So the budget being sunk into crafting a triple-A game means that more and more units have to sell to justify the publisher's investment.
There's not a lot of certainty left beyond the annual Call of Duty and FIFA instalments. Tomb Raider's 2013 first-month sales of 3.4 million units were below Square Enix's sales targets, highlighting the kind of margins required to produce a profit.
On top, how many games are now pushed out by publishers and require day-one patches as big as their original codebase just to work properly? Release windows are creating crunch periods so ferocious that games can't be finished before the disks are pressed.
Splitting the hardware market will make all of this worse. Even if a piece of software for the multi-tiered ecosystems of the PS4 and Xbox One ships as only one core, disk-based ‘version', but performs differently on each manifestation of the hardware, it'll cause unrest among the buying public.
That will also lead to confusion among coders as to which ‘level' of hardware they should target for a game.
Disparate development environments, coding techniques and the flow of technological progression could be affected by having so many different targets. This could result in an even split between triple-A titles aiming at the PS4 Pro or the Xbox One Scorpio, while smaller studios have to stay at the lower end and never seek to push boundaries.
Nobody likes having to buy the ‘cut down' poor man's version of a game. Just look at the Call of Duty: Black Ops III port that hit the last generation in all its low-res sadness in 2015. So ‘core' gaming audiences will be pushed to invest in the top-end system or risk slipping off the competitive rung that fuels their nightly fix.
And how often will a new model of those souped-up consoles be released? It depends entirely on the extent to which Sony or Microsoft feel like pushing this new agenda and making another £400 per customer.
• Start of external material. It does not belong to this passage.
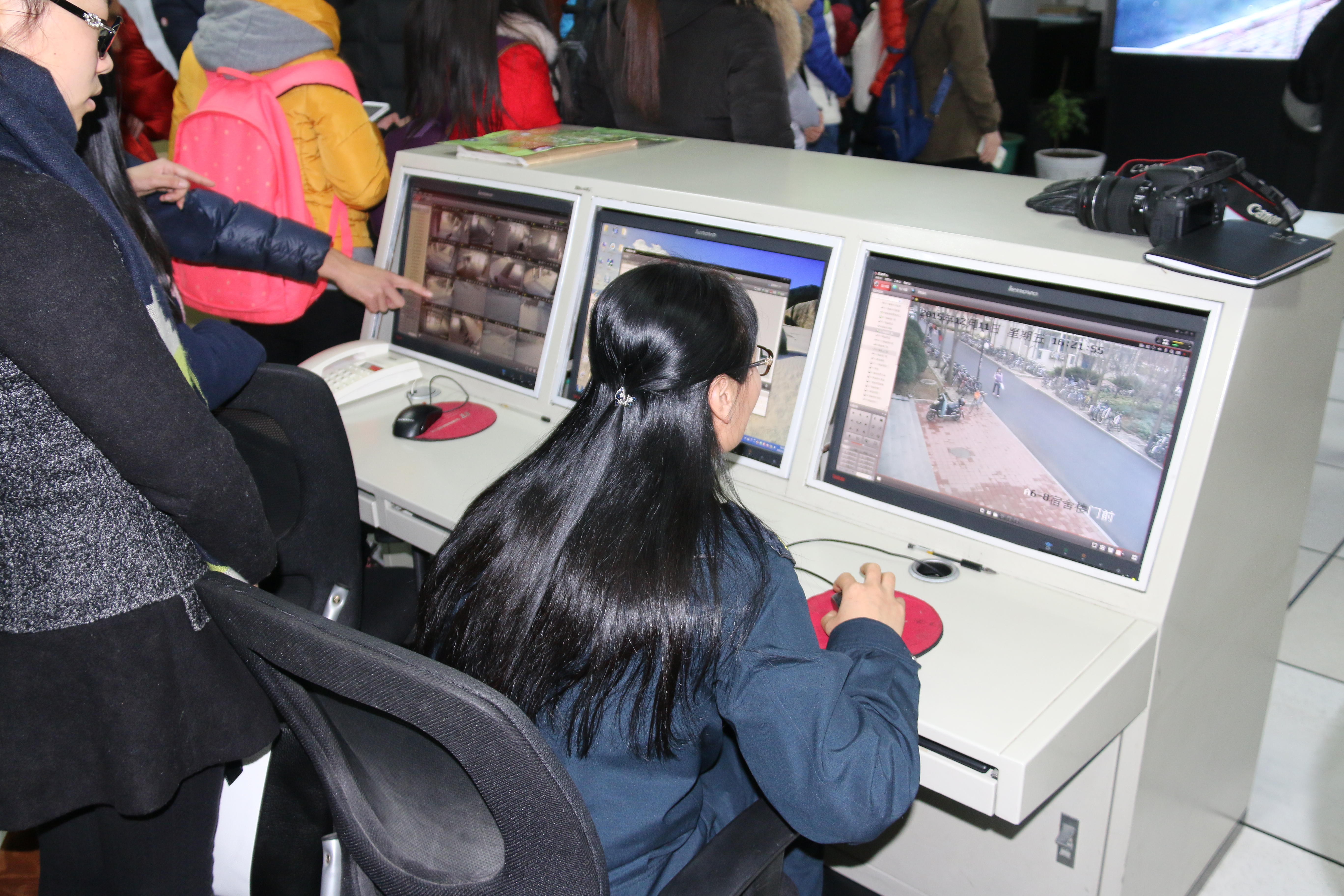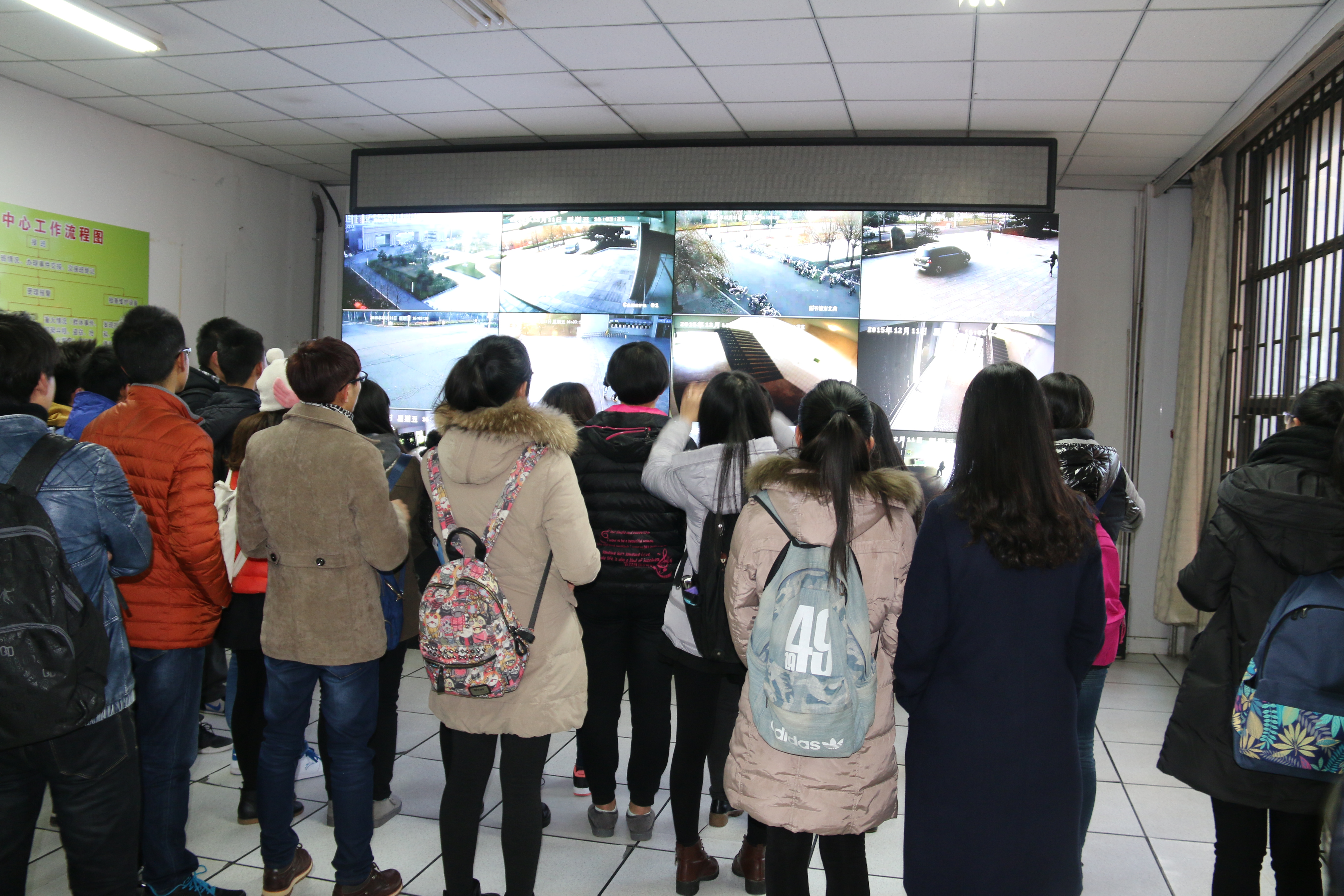 12月11日下午,卓越青年培训班全体学员参观校园监控室。
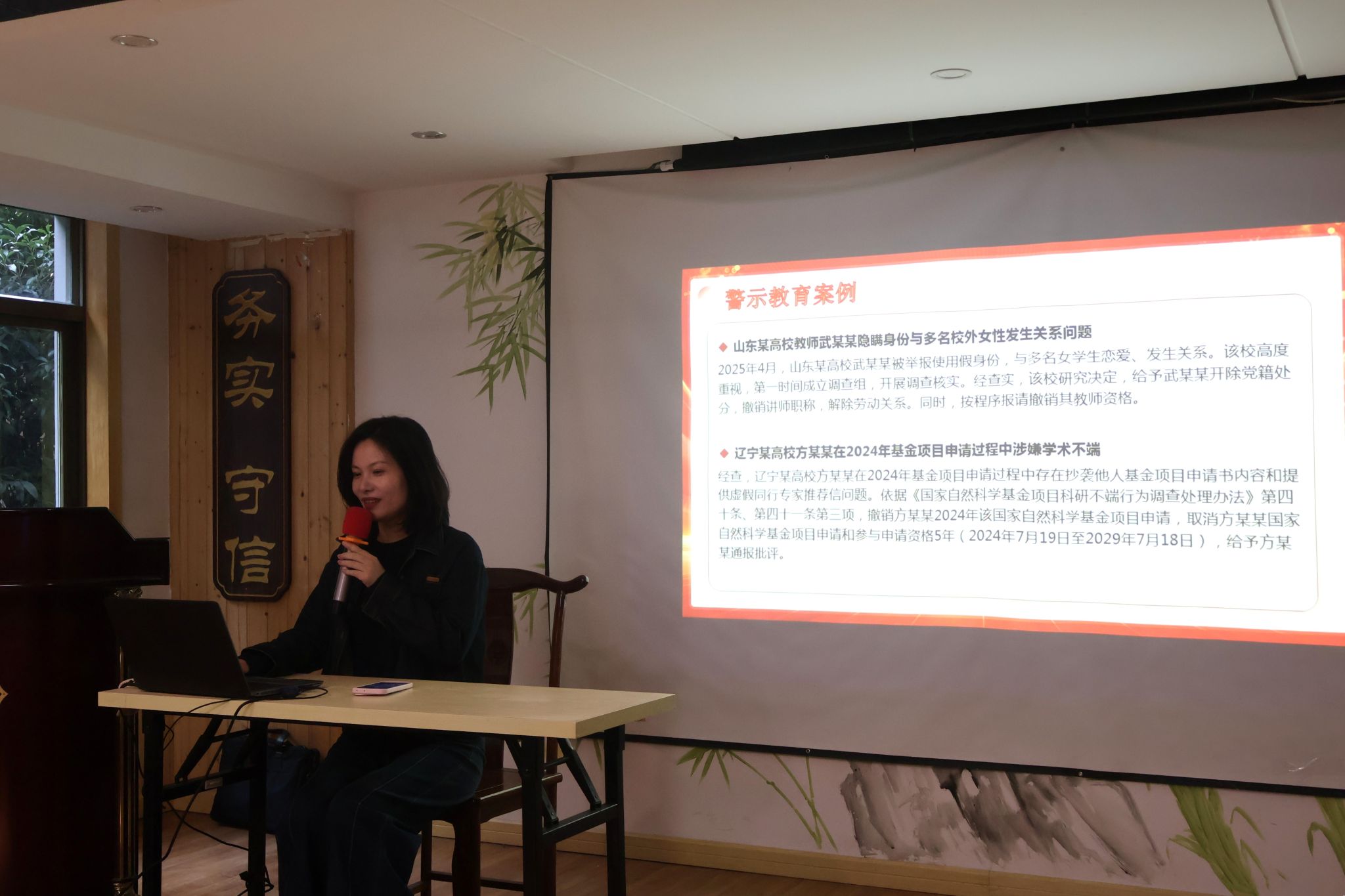 学院副院长章艳乐结合二十届四中全会精神中关于全面从严治党的要求,通过警示教育案例,深入浅出地阐述了师德师风建设的重要性。她要求全体教师以案为鉴,时刻自重、自省、自警、自励,坚守立德树人初心,恪守学术规范,坚决抵制学术不端行为,共同营造风清气正的育人环境和求真务实的科研氛围。

Microsoft was cagey when this conversation began in March 2016, and remains so to this day. Sure, Scorpio isn't coming for a while, but you can bet that processes are already in place to produce a follow-up.
It's very unlikely that audiences will want to stick with that process. Why spend £400 every couple of years to bolt another revision onto a games console with so few games to take advantage of it?
The argument has already been made, but we're willing to spend £600+ on a new iPhone every two years because we use that hardware for many hours a day.
£400 every two to three years on a FIFA and CoD box just isn't going to wash, no matter how much the early marketing makes these machines sound essential.
Nintendo rescued the games industry from the brink by sliding the NES under the door into toy shops in 1983, but what made the console dominate the world for nearly a decade was a single hardware build and an extremely careful control over software.
In 2016, we're fast heading towards a future with neither. As mobile gaming becomes a freemium cash-grab to the top of the App Store, and the PC remains the domain of the technologically savvy, consoles remain the only place for a curated, investable experience for gamers from the casual to the obsessive.
A market with a fleet of PS4 and Xbox choices will put off the casual gamer, push aficionados into a top financial bracket most of the mobile game-playing public wouldn't dream of, and could shrink the market to such an extent that even Activision's and EA's annual cash cows will no longer be enough to justify R&D on hardware and software.
And all for what? Slightly better graphics, perhaps. But more accurately, specs for specs' sake and fuel for the sort of arguments that are already breaking out over headlines like the one on top of this piece.
We don't need the PS4 Pro and we don't need Project Scorpio. We should be happy to ride out another three or four years, and let games developers truly innovate creatively in the space.
And we should stop buying all the vendor marketing hype that could wipe real video games off the face of the Earth and leave us with nothing but Candy Crush and faded memories.